There is no greater pain than the death of a loved one and chief among them is the death of your own child. When I received the news that Judah's life support was to be turned off I cried inconsolably, not so much for Judah but for my daughter because I couldn't erase the image in my mind's eye of her weeping inconsolably over the death of her son. Even now it's hard to type these words as I have to look through the tears which cloud my eyes.
The tears never go away. It's been over 40 years since that day when I was a boy running home as fast as I could to tell his mother that her other son was dead and yet I still cry from time to time. The pain is long gone but the love for my brother is not and that is why I cry. I know my daughter will cry. She will cry often and when she least expects it, not because something reminds her of the pain but because something reminds her of how much she loves her son. That is why I cry too, because the death of my grandson reminds me of how much I love my daughter.
Perhaps that's why my stepdaughter, Stevie, and I have such a close bond. We've both had the experience of witnessing the tragic and violent death of a loved one. At approximately the same age as I was when I witnessed the tragic accident involving my brother, Stevie witnessed the tragic and senseless death of her father when an accidental gunshot exploded his head. I lost my first love the same way, an accidental gunshot to the head in the 4th grade. Later, I lost another of my childhood sweethearts when she was just 16. She was burned alive while attempting to rescue a baby from a house fire.
It wasn't that long ago I was in my daughter's position, helplessly watching and praying for a miracle as my own child lay on a table barely visible through all the tubes and hardware of the life support machine that kept her alive. I remember well the ache I felt in my heart as I longed to hold my baby in my arms but couldn't. I remember the feeling of being willing to pay any price, even willingly giving my own life, if it would buy the life of my child. I remember the feeling that time was standing still and yet racing at the same time, as I poured out my heart to God and hung on every word the doctors said while trying to make sense of it all.
I remember too the feeling, if I could only trade places with my daughter on that table, if I could only take her place. It's a universal, even if irrational, thought that occurs to virtually all parents in this situation. It's a solution that seems to be indelibly written on our hearts, perhaps because our Maker put it there when He chose that solution to save us.
Ultimately, as I watched helplessly as my daughter, Emma, fought for her life and as I witnessed the loved ones in my life die, there were no answers, no profound sense that there was a purpose in it.
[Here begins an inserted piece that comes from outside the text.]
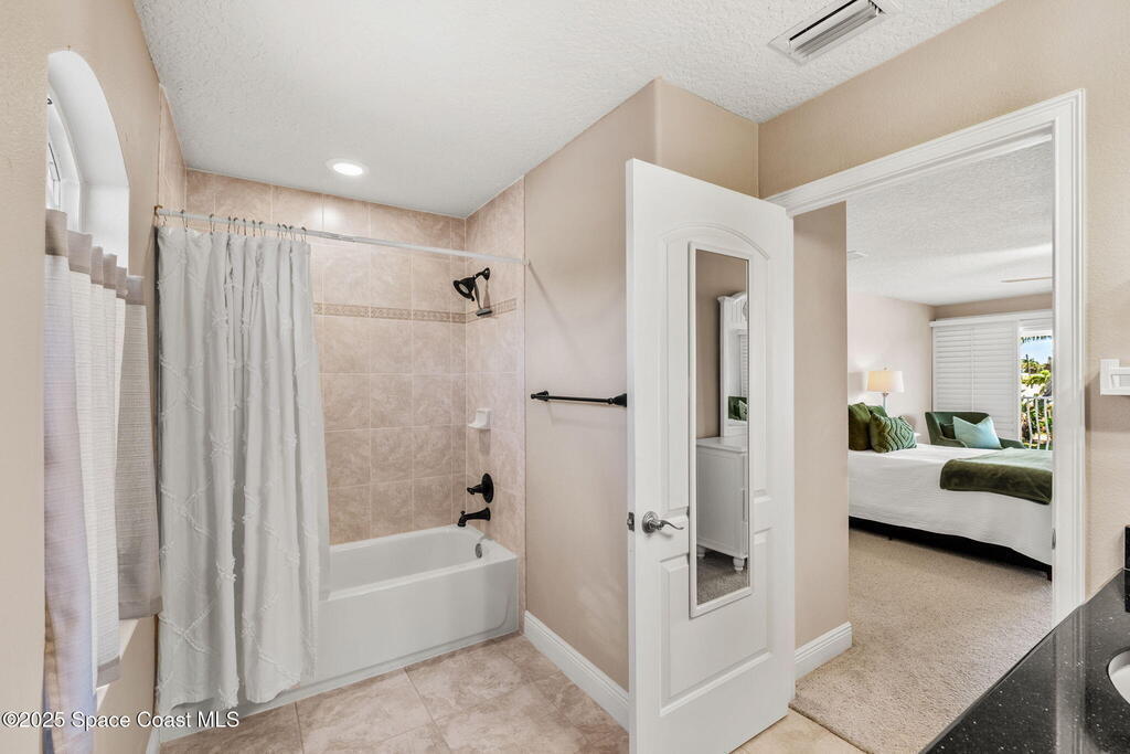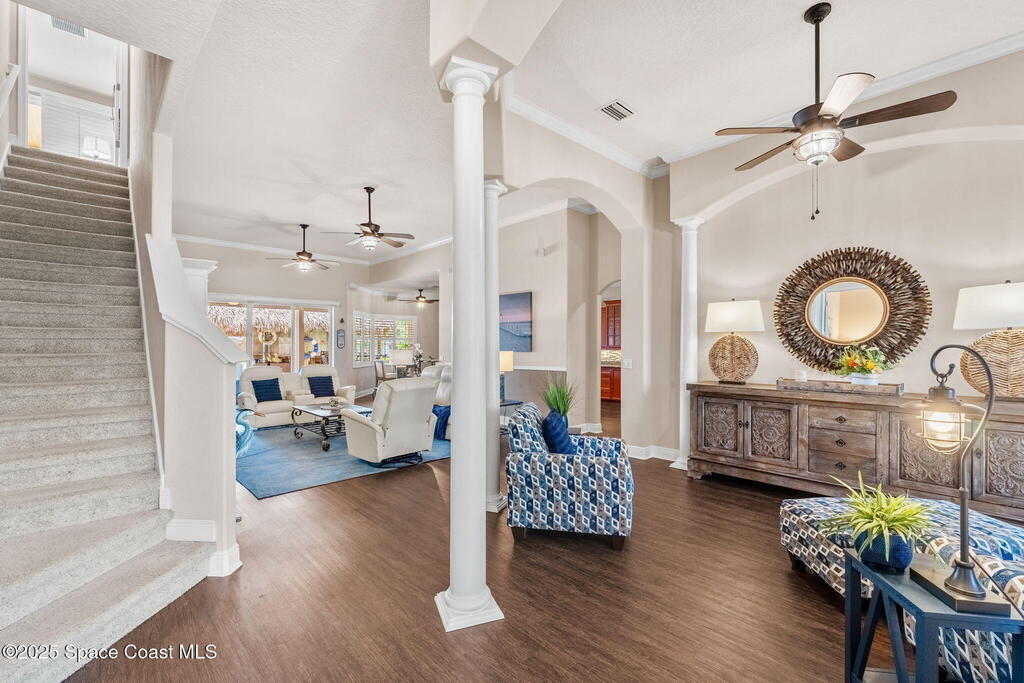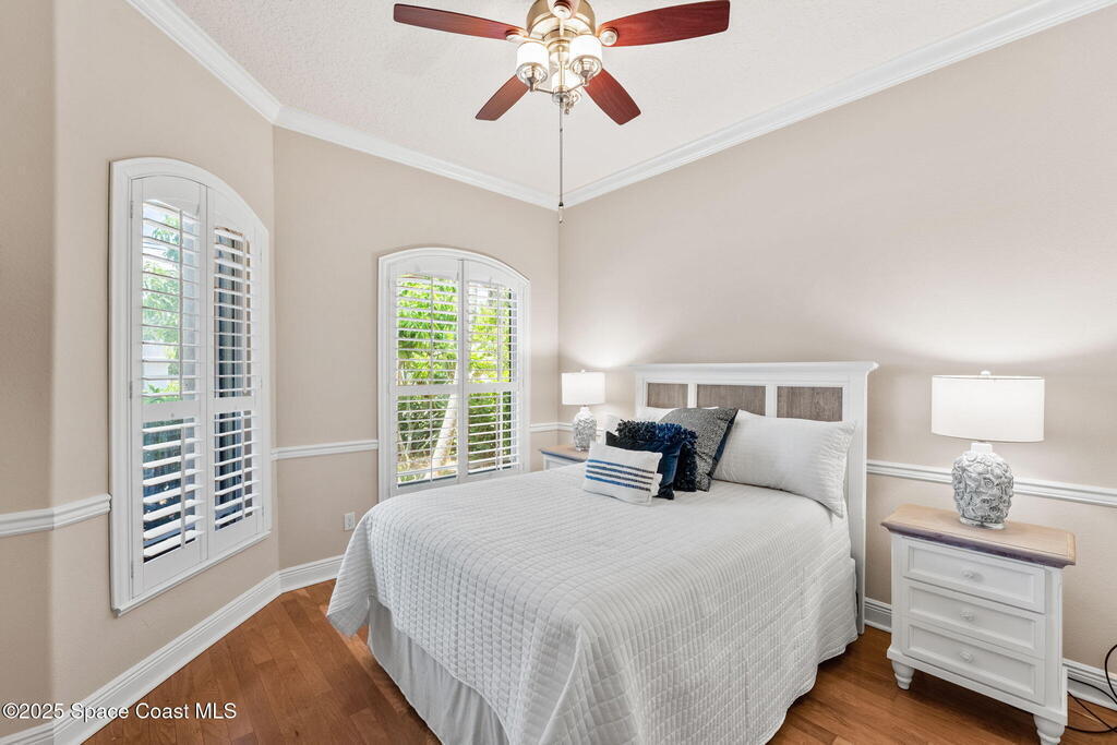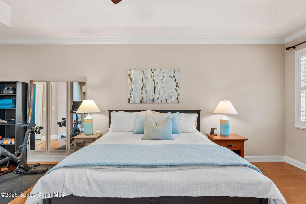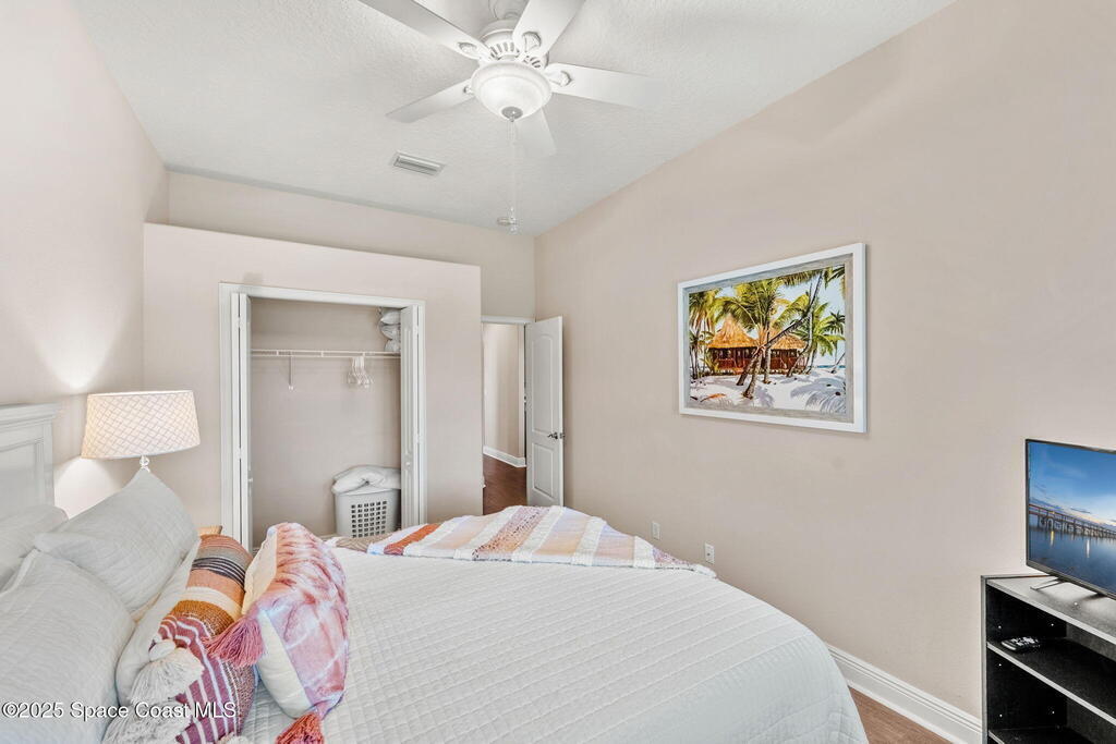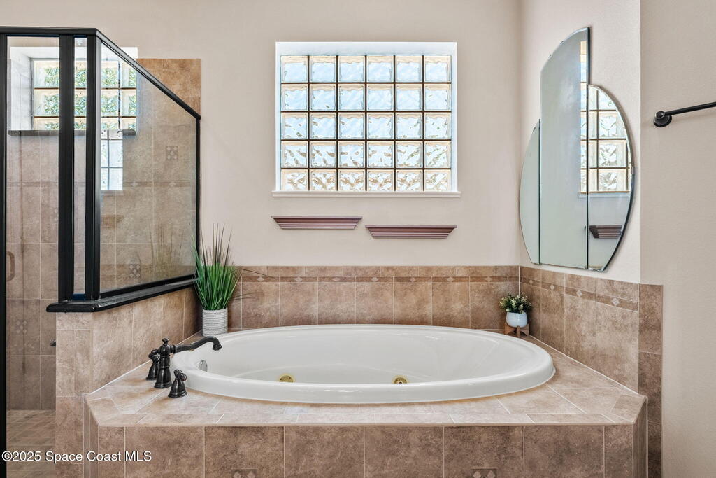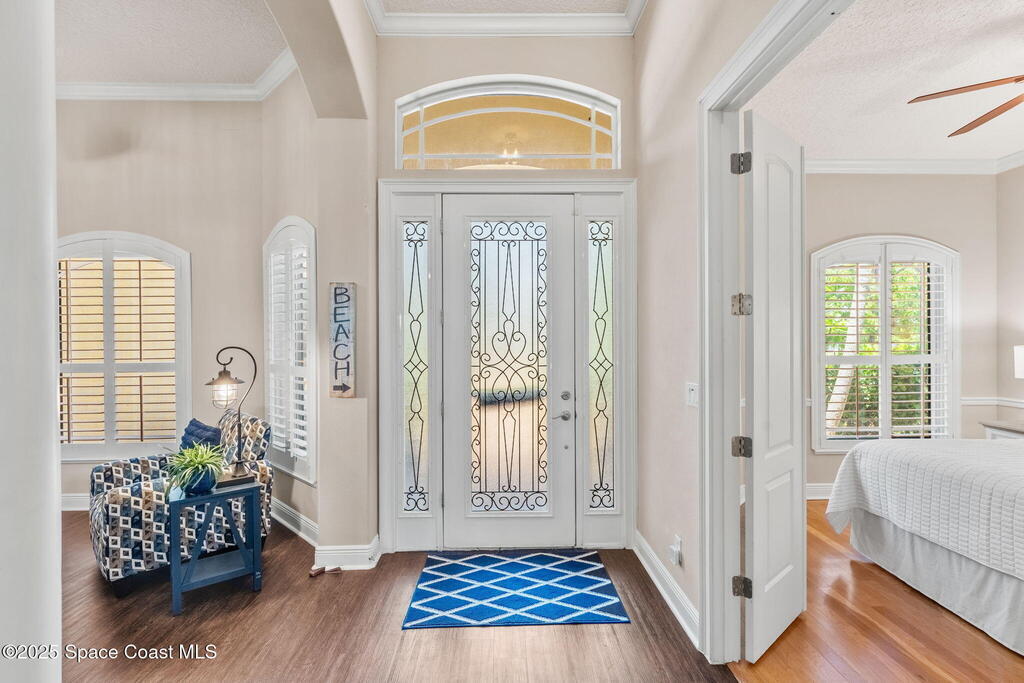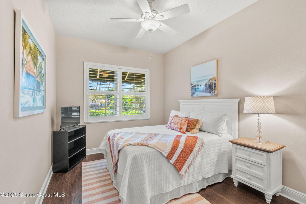 Welcome to this beautifully upgraded 5-bedroom Cocoa Beach home, complete with a versatile flex room that can serve as a 6th guest-room or office. The first-floor primary suite is a private retreat with a spacious layout, modern finishes, and a spa-like ensuite bathroom. A 3-car garage, fully under air and finished with epoxy flooring, provides abundant storage for vehicles, toys, and hobbies. The home features open-concept living and dining areas that flow seamlessly to expansive outdoor spaces. Built in 2006, this waterfront residence offers a custom tiki bar, hot tub, and putting green creating the ultimate backyard oasis for gatherings with family and friends. On the water, enjoy a deep-water canal with a 2021 dual-engine boat lift (approx. 16,000 lbs), floating dock with ramp, and racks for kayaks and paddleboards--perfect for boaters. Recent updates include a 2017 roof, 2021 A/C and water heater, storm protection, tiki hut hurricane shutters (2022), and a home security system.

There was just a deep understanding that tragedy is no respecter of persons and that, no matter what the outcome, the only thing that matters is love.
I received the miracle I prayed for and my daughter didn't. There's no justice in that, no sense of closure and, in spite of the miracle I received, Emma will be forever blind and unable to perform even the most simple tasks for herself. There's no justice in that either. There is one thing, however, that my grandson's mother and I will forever have, something no person, nor circumstance, nor even death can take away from us, and that is the love we have for our children. Rachel weeps for her son and I weep for my daughter, Rachel, not because we hurt, because millions of people die and are tragically injured every day and we don't cry for them, but because we love. That is why I do not resent the tears that come out of nowhere from time to time as something triggers a memory about my brother. Rather, I welcome the tears because they remind me how much he was loved.
"Precious in the sight of the LORD is the death of his saints."